Gunmen shot dead 14 civilians in an attack on a village in northeastern Mali, a local official said on Monday, amid a spate of killings by rival ethnic groups and jihadist militants that threatens to derail a presidential election later this month.

Nanou Kotia, the mayor of the regional hub of Menaka, said the attack had occurred on Sunday in a remote village 55 km (30 miles) away, near the border with Niger.

“The assailants came and opened fire on people. According to our information, there were 14 people killed, all civilians, and one truck and three other vehicles were burned,” he told Reuters by telephone.

The mayor did not say who he believed was responsible for the attack. Previous killings have been carried out by Islamist militants active in the area as well as by fighters from ethnic militia.

A statement by the Tuareg militia Gatia said the assailants belonged to a criminal gang operating along the Niger border and had targeted Tuareg civilians in the village of Injagalane.

Suspected jihadists killed more than 50 Tuareg civilians during similar village raids near Menaka in April and May, seeking to exploit ethnic tensions between mostly lighter-skinned Tuareg pastoralists and black Fulani herdsmen.

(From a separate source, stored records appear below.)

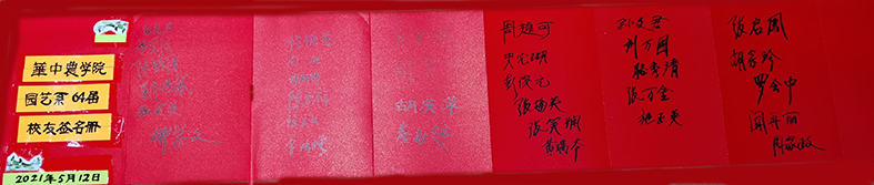 为表达对母校的热爱、教育后辈,校友们捐赠了聚会签名册,李鸿模校友向学校捐赠了字画作品、《李鸿模山水画作品选集》和《果树栽培技术手册》,周捷可校友向学校捐赠了字画和著作《北京花卉》;陈忠福校友向学校捐赠了珍藏多年的章文才先生为其著作《实用柑桔栽培技术》序言手稿和《实用柑桔栽培技术》。胡汉苹、孙景瑛等校友捐出自己诗词书法作品和奖励证书等。
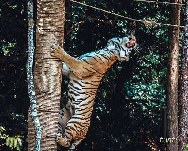 Ngay bên cạnh, những vị chúa sơn lâm đang chia nhau mỗi người một “lãnh địa” để săn thức ăn được giấu khắp khu rừng. Khi đánh hơi chính xác và định vị được mục tiêu, chỉ một cú song phi nhẹ nhàng đã nhấc bổng thân hình chúa sơn lâm đồ sộ lên không trung và chộp lấy chính xác miếng mồi tươi ngon được treo lơ lửng trên sợi dây thừng. Sư tử thích thú săn mồi là những bữa ăn ngon lành được giấu trong những bụi cây.
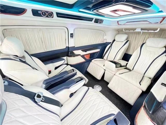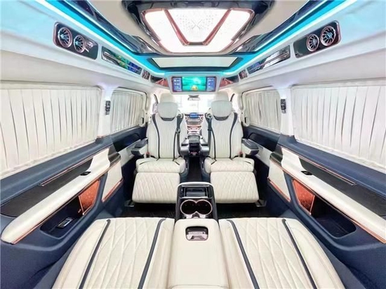 进口奔驰V250商务车内饰方面同样做了整体的升级,中控台、方向盘、门板、车侧壁、车顶、进门的踏步整体升级包覆。正副驾驶座椅升级包覆、正副驾驶座椅中间加装车载扶手冰箱、正副驾驶133座1185椅6676头顶定制宽屏车载网络电视、正副驾驶座椅椅背后方加装可伸缩的小桌板。133-1185-6676
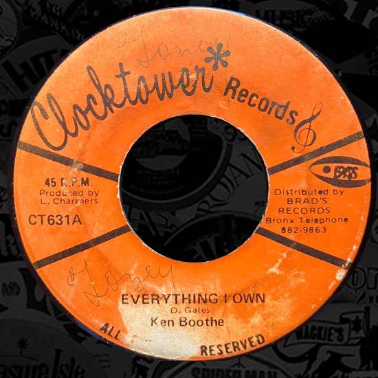 Ken Boothe – Everything I Own / Version Clocktower (CT631) USA 1975 VG / VG.VG+ price : 3 euros Produced by Lloyd Charmers classic, B side is piano version by Charmers, plays better than the vocal |
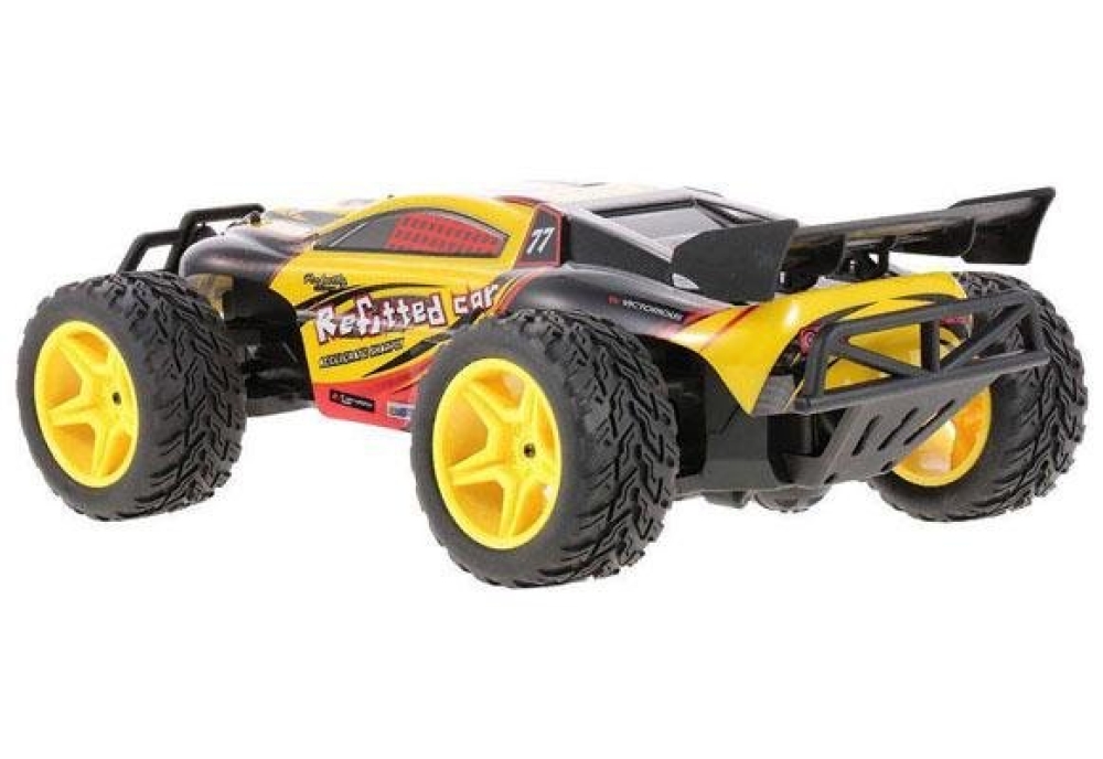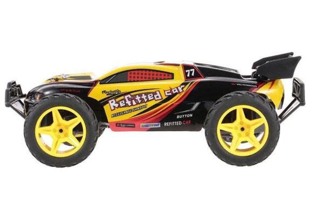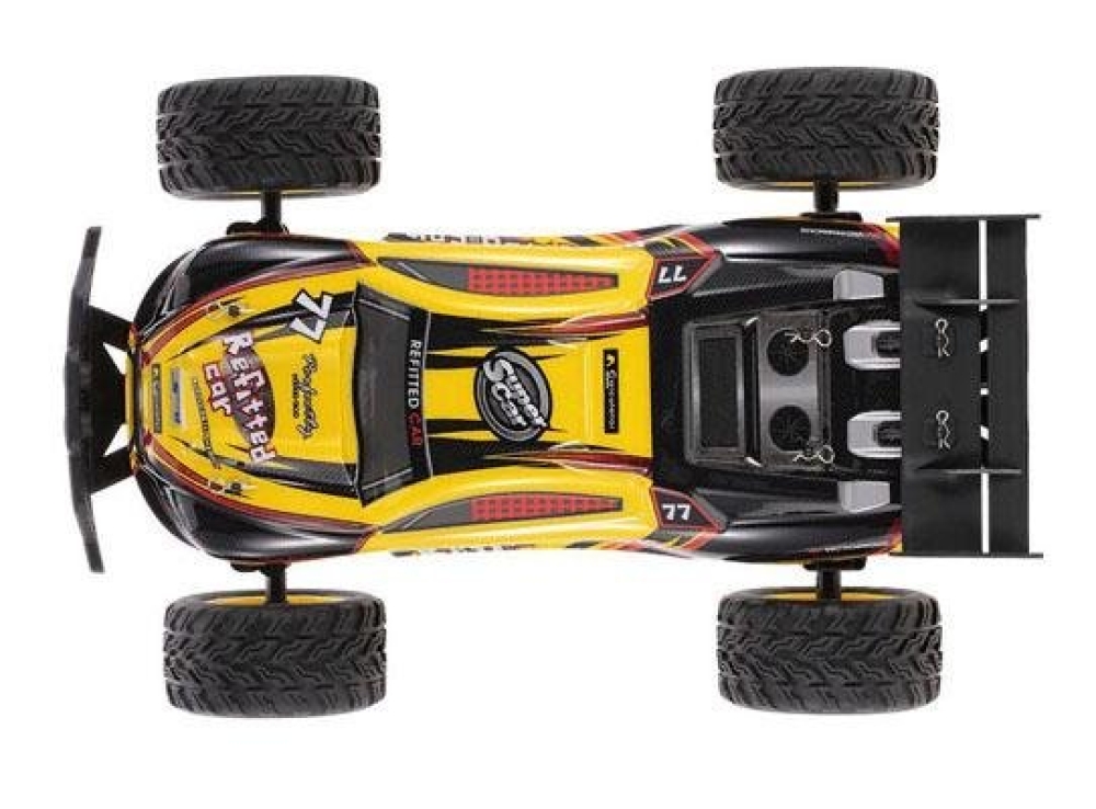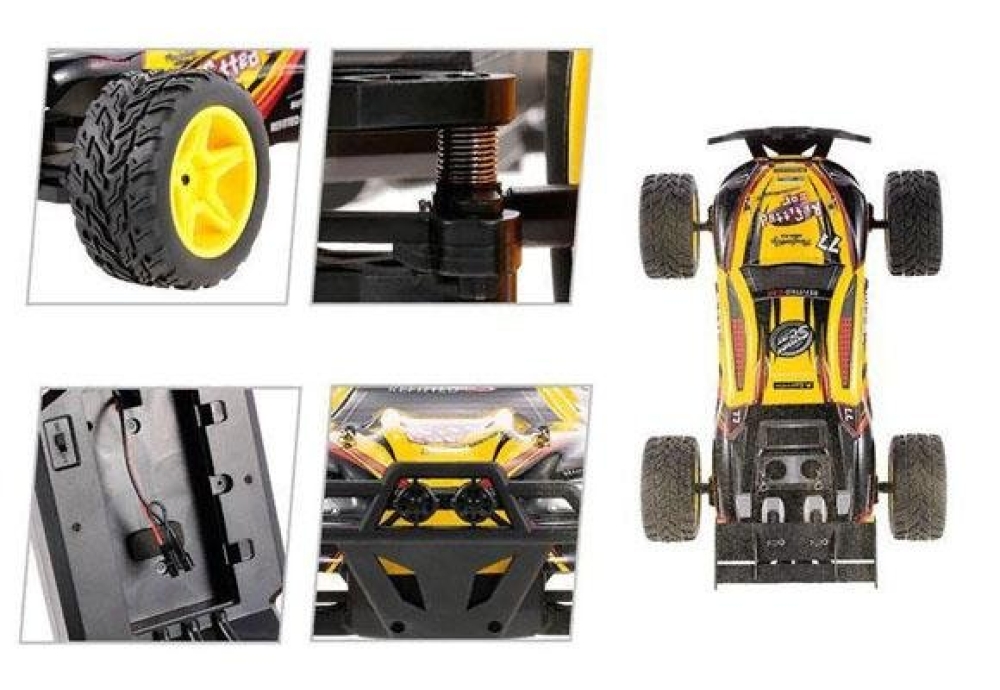Быстрая и проходимая игрушка для детей - багги большого размера (длина более 40 см), станет отличным подарком для любого ребенка. Имеет очень простое 2-х канальное управление. Колеса выполнены из мягкой резины имеют универсальный протектор, так что модель можно эксплуатировать по гравию, песку или асфальту. За счет низкого центра тяжести машинка устойчива в крутых поворотах. За счет амортизирующих бамперов спереди и сзади багги отлично переносит сильные столкновения и опрокидывания.
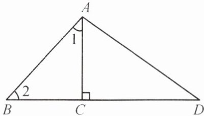 1. 如图,$AC\perp BD$,$\angle 1=\angle 2$,$\angle D=35^{\circ}$,求$\angle BAD$的度数.
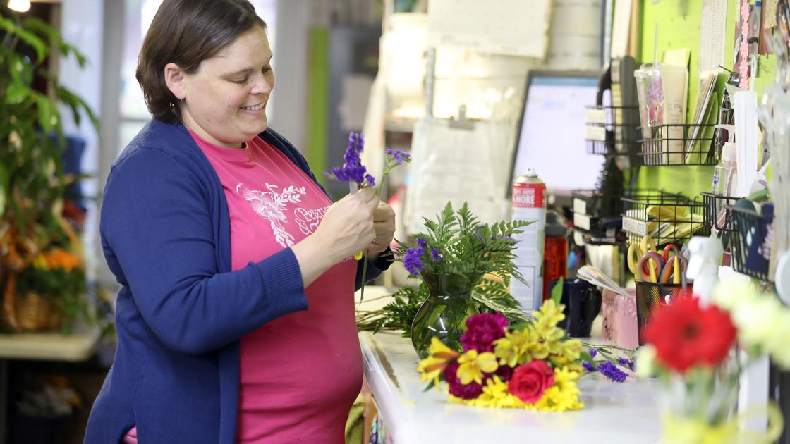 Gina Whipple builds a bouquet at Petersen & Tietz florists in Waterloo, Iowa, Wednesday, Oct. 14, 2020.
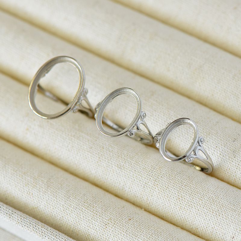 S925纯银戒指空托男女款DIY蜜蜡松石玉石镶嵌9*1311*1513*1814*19
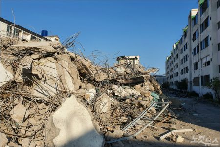 포항지진의 상처를 상징적으로 보여주는 이곳은 3년이 넘은 지금에야 철거작업이 한창 진행되고 있다. 현재 5개 동 중 3개 동이 철거된 상태로 이곳에는 '행복어울림센터'가 들어설 예정이다.
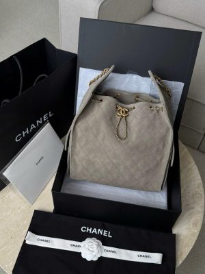CHANEL 25 MEDIUM 25K – SUEDE CALFSKIN – BROWN GREY – TĐ

The violence in Mali, which is also used by jihadist groups as a launch pad for attacks into neighbouring countries, worries Western powers such as France and the United States, which have deployed thousands of troops to the semi-arid Sahel region.

Malians are due to vote in a presidential election in less than two weeks. The poll is meant to chart a way out of six years of political unrest and jihadist violence but the situation has only grown more volatile in recent months.

The jihadists – some with links to al Qaeda – first seized control over Mali’s desert north in 2012 before being pushed back by a French-led intervention. But they have since regrouped and now regularly attack Malian and international forces.